Form 8928: Due Date & Penalties for Late Filing
When Form 8928 is due: If an employer, insurer or third-party administrator fails to comply with one of the ACA requirements listed above (e.g., the ACA market reforms), they are required to file Form 8928 on or before the date the entity’s federal income tax return is due.
Penalties for Late Filing of Form 8928: Three different types of payments may apply: Penalty for late payment of tax, penalty for late filing, and interest on late taxes and on penalties imposed for late filing.
- Penalty for late payment of taxes: Penalty of 1/2 of 1% of the unpaid tax for each month or part of a month the tax is not paid, up to a maximum of 25% of the unpaid tax. The penalty will not be imposed if you can show that the failure to pay on time was due to reasonable cause.
- Penalty for late filing of Form 8928: Penalty of 5% of the unpaid tax for each month or part of a month the return is late, up to a maximum of 25% of the unpaid tax. If filing is more than 60 days late, the minimum penalty is the smaller of the tax due or $100. The penalty will not be imposed if you can show that the failure to file on time was due to reasonable cause. Late filers must attach a statement to Form 8928 explaining the reasonable cause.
- Interest: Interest is charged on both taxes not paid by the due date even if an extension of time to file is granted, and on penalties imposed from the due date, including extensions, to the date of payment for failure to file.
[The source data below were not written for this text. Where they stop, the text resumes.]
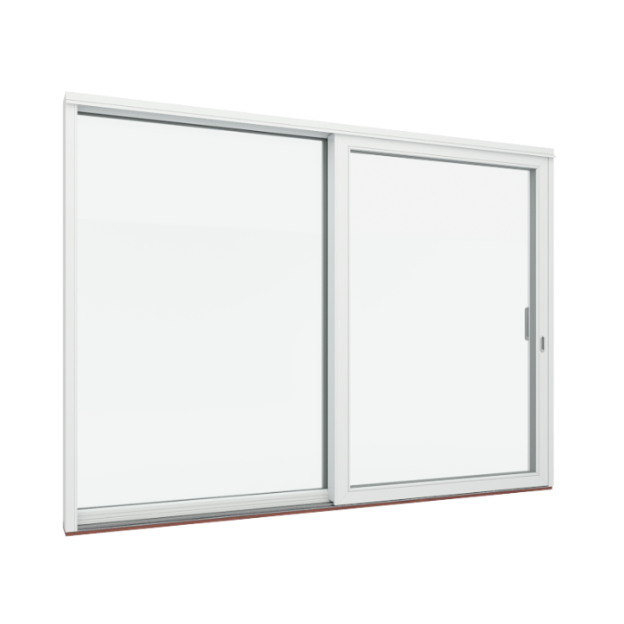 Der Rahmen der Schiebetür in Holz/Aluminium beträgt 172 mm. Hinzu kommen 13 mm für den Aluminium-Klimaschutz (gesamt 185 mm) und 30 mm für die Tropfkante oben (gesamt 202 mm).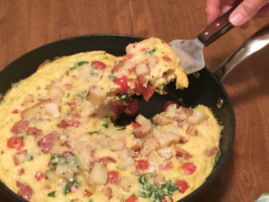 This week I think I’ll prepare a frittata. The recipe I selected is tomato, garlic and potato frittata from the May 2001 issue of Gourmet Magazine. The recipe takes 30 minutes from start to finish. You can add a nice tossed salad to round out the meal and perhaps some crusty Italian bread to go with it.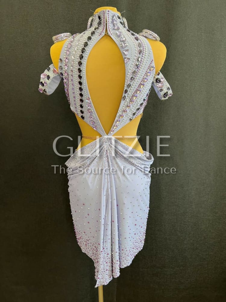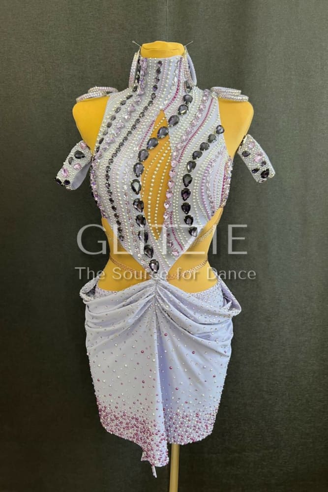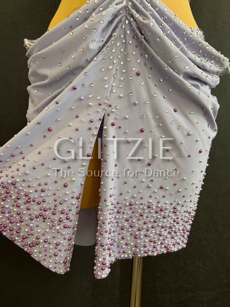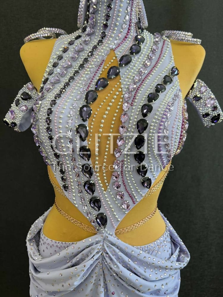 The dress is decorated with sewn rhinestones different shapes and sizes colors Amethyst and Violet, a lot of glued rhinestones Violet SS20, a mass of half-beads color Silver, Lavander ab, Amethyst sizes 3, 5, 6mm.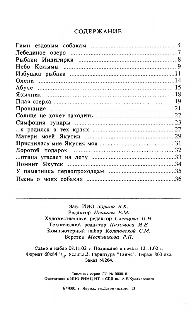 В сборнике стихов известного якутского поэта С. Е. Дадаскинова воспевается красота и простор северного края, обычаи и традиции охотников и оленеводов Заполярья РС (Я)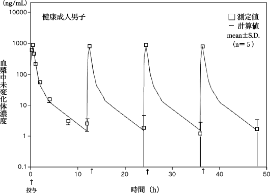 健康成人男子5例に本剤を体重1kg当たり0.5mg、30分かけて1日2回2日間反復点滴静脈内投与したときの血漿中未変化体濃度の推移及び初回投与時の血漿中未変化体濃度推移から求めたパラメータは次のとおりである。蓄積性は認められなかった1)。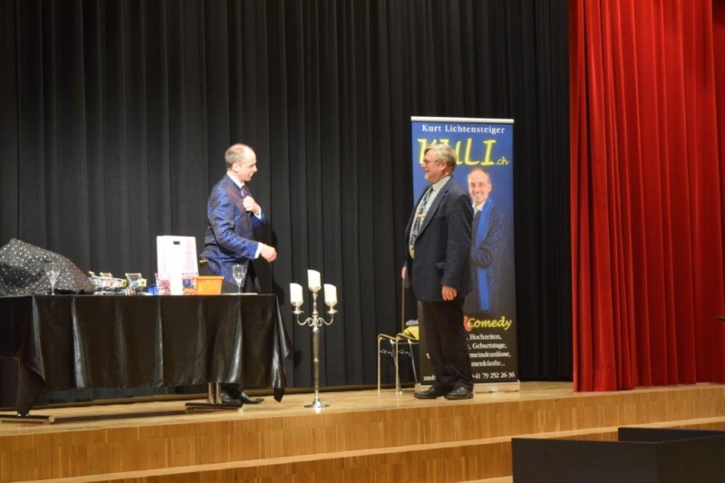 Zauberer "KULI" verzauberte die Ehrenamtlichen der Pfarrei St.Otmar mit seinen Kunststücken.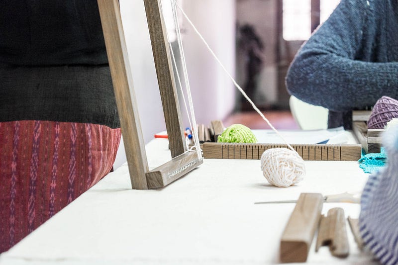 ขึงเส้นด้ายยืนจนตึงแล้วก็มาเริ่มทอผ้ากันเลยดีกว่า… ลืมบอกไปค่ะ สำหรับคนที่มาเรียนคอร์สนี้ จะได้กี่ทอผ้าไม้สักกลับบ้านด้วยนะคะ สามารถไปฝึกทอที่บ้านได้เลย
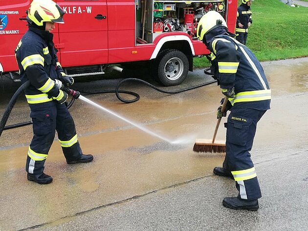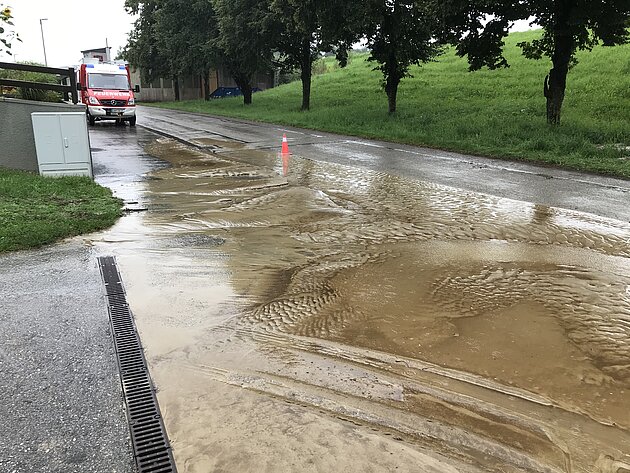 Endlich lassen die kurzen, aber extrem starken Niederschläge nach. Trotzdem ruft die Sirene die Mitglieder der FF Ardagger Markt zum Einsatz in die Donaulände. Innerhalb weniger Minuten verlassen sowohl Vorausrüstfahrzeug als auch Löschfahrzeug das Feuerwehrhaus in Richting Donaulände.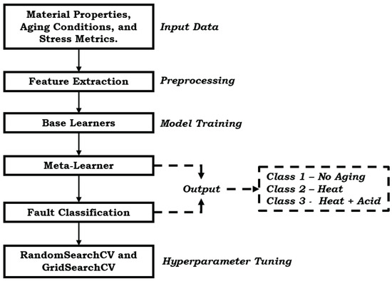 This study utilizes a stacked EL model, combining Random Forest (RF) and Support Vector Machine (SVM) classifiers to improve classification accuracy for aging effects in EPDM and LSR gasket materials. The architecture, illustrated in Figure 4, integrates RF and SVM base learners with a meta-classifier, aiming to capture complex patterns in the data and improve robustness against data variability. EL combines multiple models, or base learners, to achieve greater predictive accuracy and robustness than individual models. By leveraging the complementary strengths of different algorithms, EL reduces the risk of overfitting, making it well suited for classifying material behavior under aging conditions in EPDM and LSR gaskets. This supports predictive maintenance by accurately modeling stress distribution and aging effects, contributing to the enhanced durability of PEMFC gasket materials. Specifically, this stacking ensemble model uses SVM and RF to improve accuracy in classifying stress distributions and aging effects. It enables proactive maintenance interventions by accurately predicting material degradation and reducing false positives and negatives in fault detection. The stacking framework integrates predictions from SVM and RF through an additional RF classifier as the meta-learner. This setup maximizes classification accuracy for non-linear, high-dimensional data: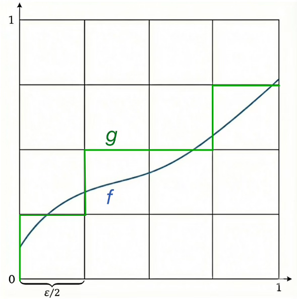 Now it remains to calculate the covering number \(\+N\tp{\+F, \norm{\cdot}_{\infty}, \eps}\). We discretize the domain \([0,1] \times [0,1]\) into a grid of scale \(\varepsilon/2\). As shown in the figure, any 1-Lipschitz function \(f\) (blue) can be approximated by a grid path \(g\) (green) within distance \(\varepsilon/2\).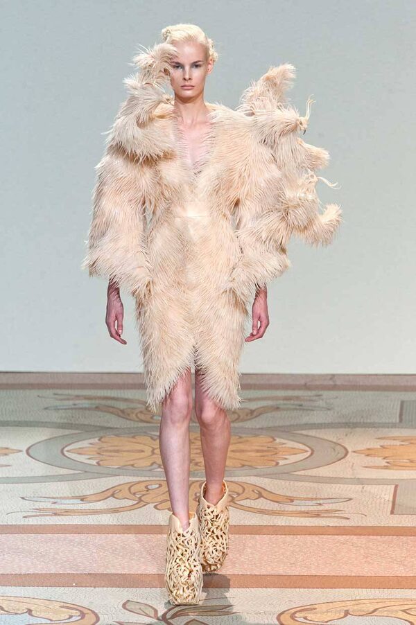 Iris Van Herpen on display at Couture Fashion Week in Paris, July 1, 2013. “I think people respond intuitively to these ideas with a mixture of fascination and disorientation; there’s a warmth to wildness,” Philip Beesley, a Toronto-based architect who collaborated with Van Herpen to produce silicon-based fabrics for this collection, said post-show.ANDREA ADRIANI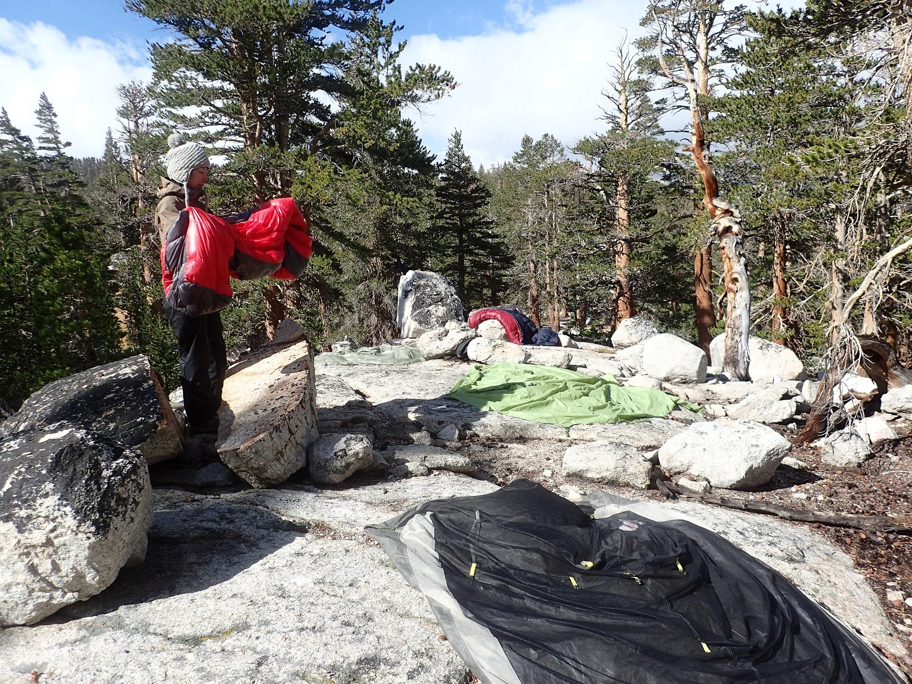 止む気配のない雨に、テントの中で私の頭はぐるぐると考えを巡らしていました。もし、明日一日中雨だったらどうしよう。テントの中で周辺地図をくまなくチェックしても、迂回できそうなルートは標高が高く、距離が長くてとても無理そうです。もはやMtホイットニーを越えるしか方法はありませんでした。

The interest rate is determined under Code § 6621.
Next Steps for Employers
- Employers who should talk with their legal counsel to discuss whether they should file Form 8928:
o Employers of any size who are still offering premium reimbursement accounts
o Small employers (under 50 full-time employees and full-time equivalents) who continued to offer premium reimbursement arrangements after June 30, 2015.
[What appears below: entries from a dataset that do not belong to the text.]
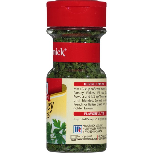 Details Ingredients Parsley Flakes Product features McCormick Parsley Flakes bring mild, herby flavor and attractive color to everyday dishes and holiday fare. Our Parsley Flakes are dried within hours of harvest so that they retain their characteristic parsley flavor and green color. What wouldn’t benefit from a sprinkling of parsley? It lends the perfect sprinkle of color for everything from scrambled and deviled eggs to potatoes, noodles and carrots. In addition to its use as a garnish, parsley also offers mild, herby flavor that doesn’t overpower the tastes of foods like chicken, seafood, pasta and vegetables. Add parsley flakes to seasoning blends, breading mixes, and herbed butters and sauces. Use 1 tsp. Parsley Flakes in place of 1 Tbsp. chopped fresh parsley. Mild, herby flavor Dried within hours of harvest Attractive green color makes it an ideal garnish for almost any dish Non GMO Mild flavor does not overpower tastes of chicken, seafood, pasta & vegetables Mix with melted butter and toss with noodles, potatoes or cauliflower Special Features The taste you trust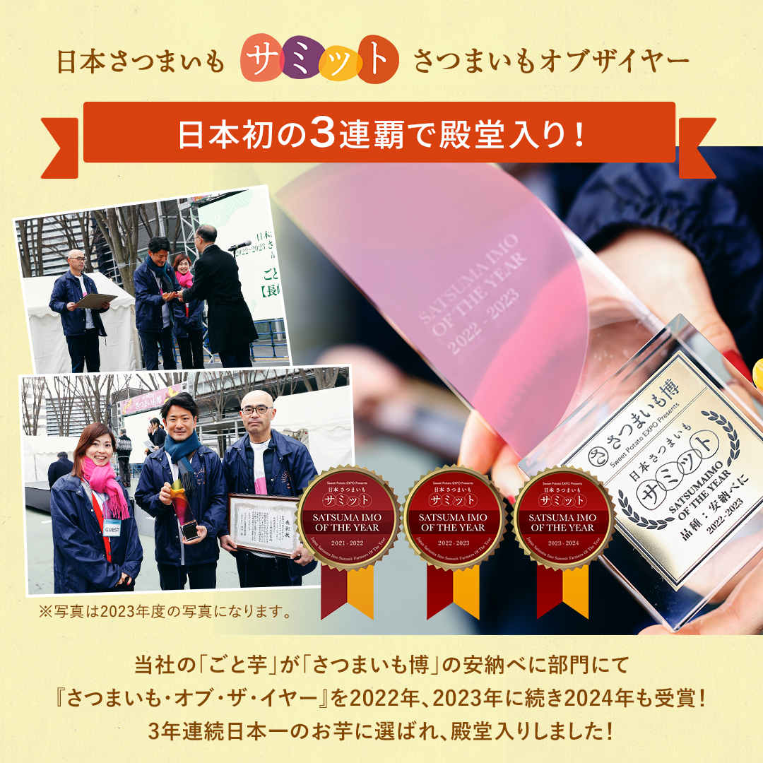 ごと芋が極甘な理由(わけ)は、収穫されたさつまいもはすぐに焼かず、温度・湿度・通気が管理された暗室の貯蔵倉庫でじっくり寝かせることで甘みが増します。そして長年焼き芋を焼き続けてきた熟練の職人が一つひとつ丁寧に焼き具合を見ながら一定の温度でじっくり焼くことでぐんぐん甘くなっていき、鮮やかな黄金色をした極甘な焼き芋ができあがります。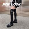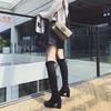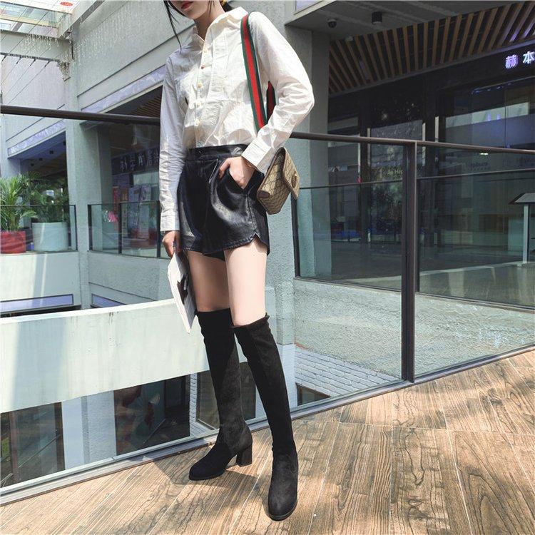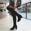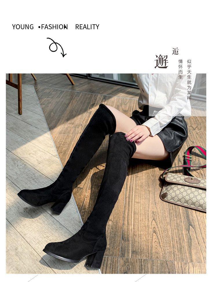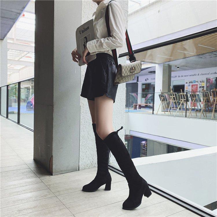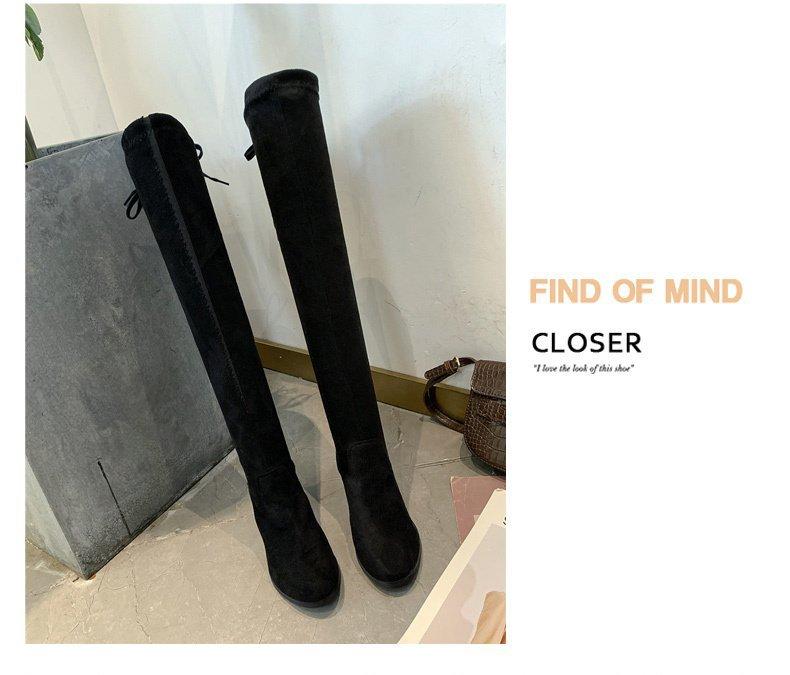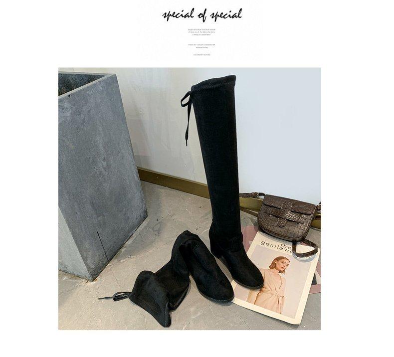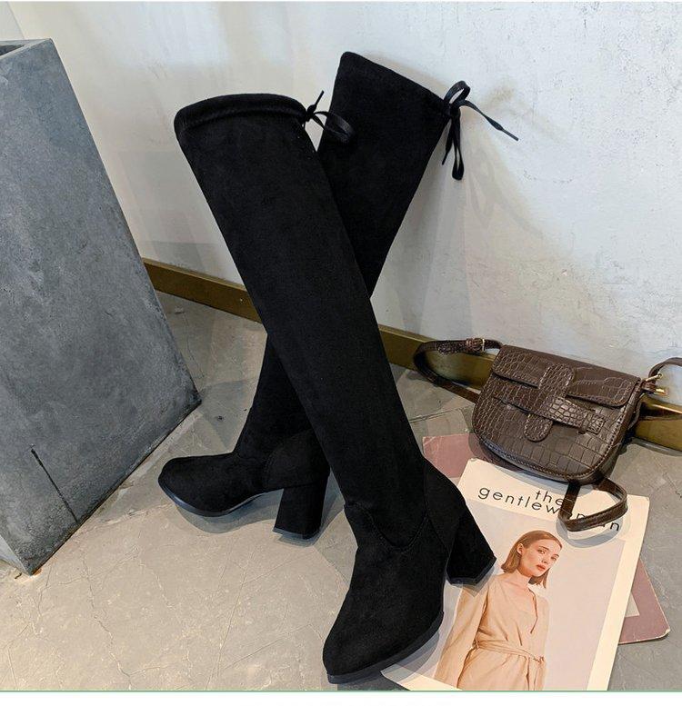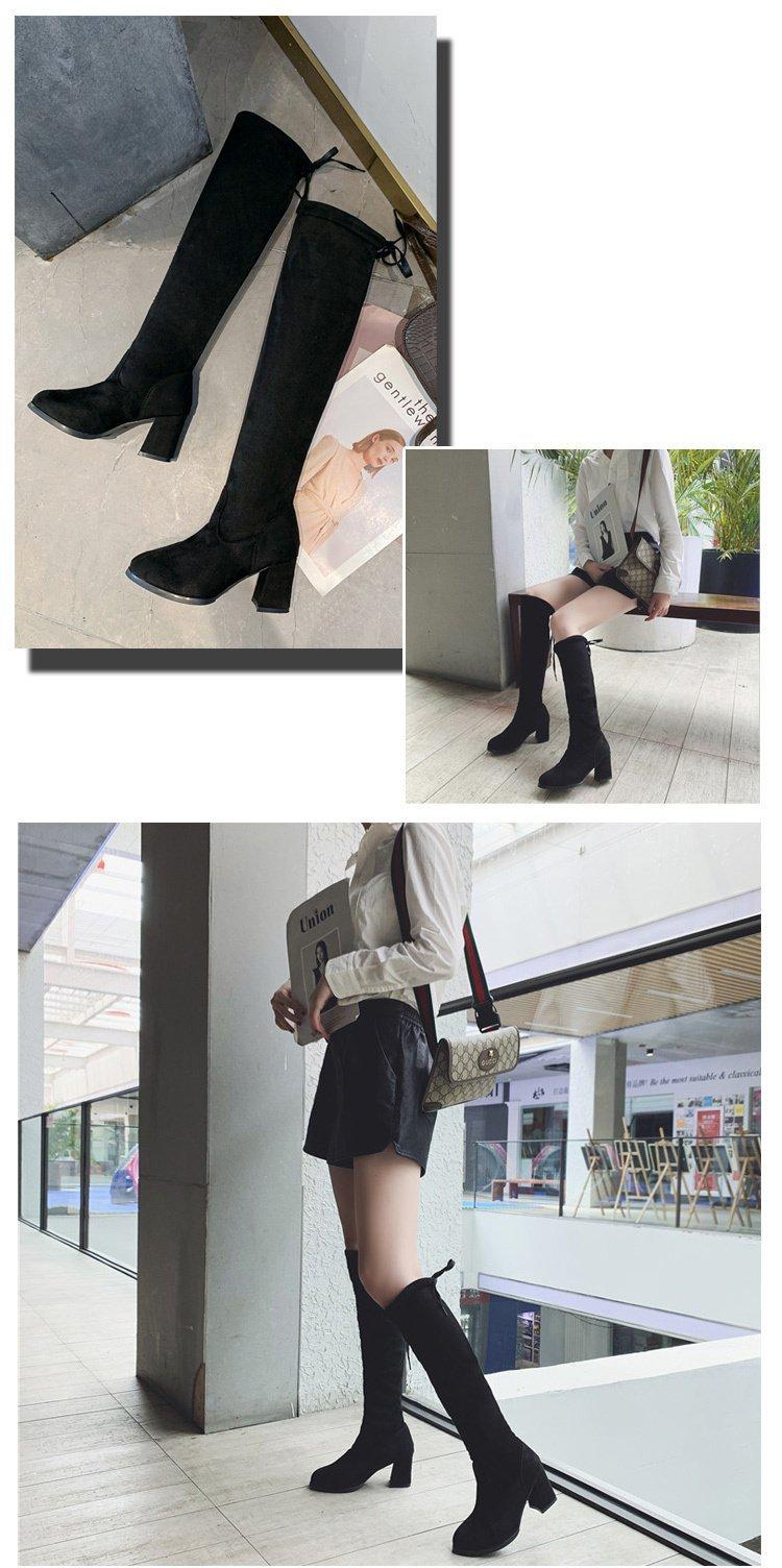 Botas por encima de la rodilla Botas de montar para mujer Gamuza Tacón grueso con cordones Felpa corta sintética Caña alta Gamuza Goma Tacón alto Punta redonda

- Employers should also talk with their legal counsel if they are considering offering some type of new account that has a different name but in fact reimburses employees for individual health insurance premiums.
These March 4th Q&As are the fifth written guidance from the IRS on this topic, and it seems that the IRS is making a point to let employers know these arrangements are NOT permissible and will result in excise taxes on the employers who sponsor such arrangements.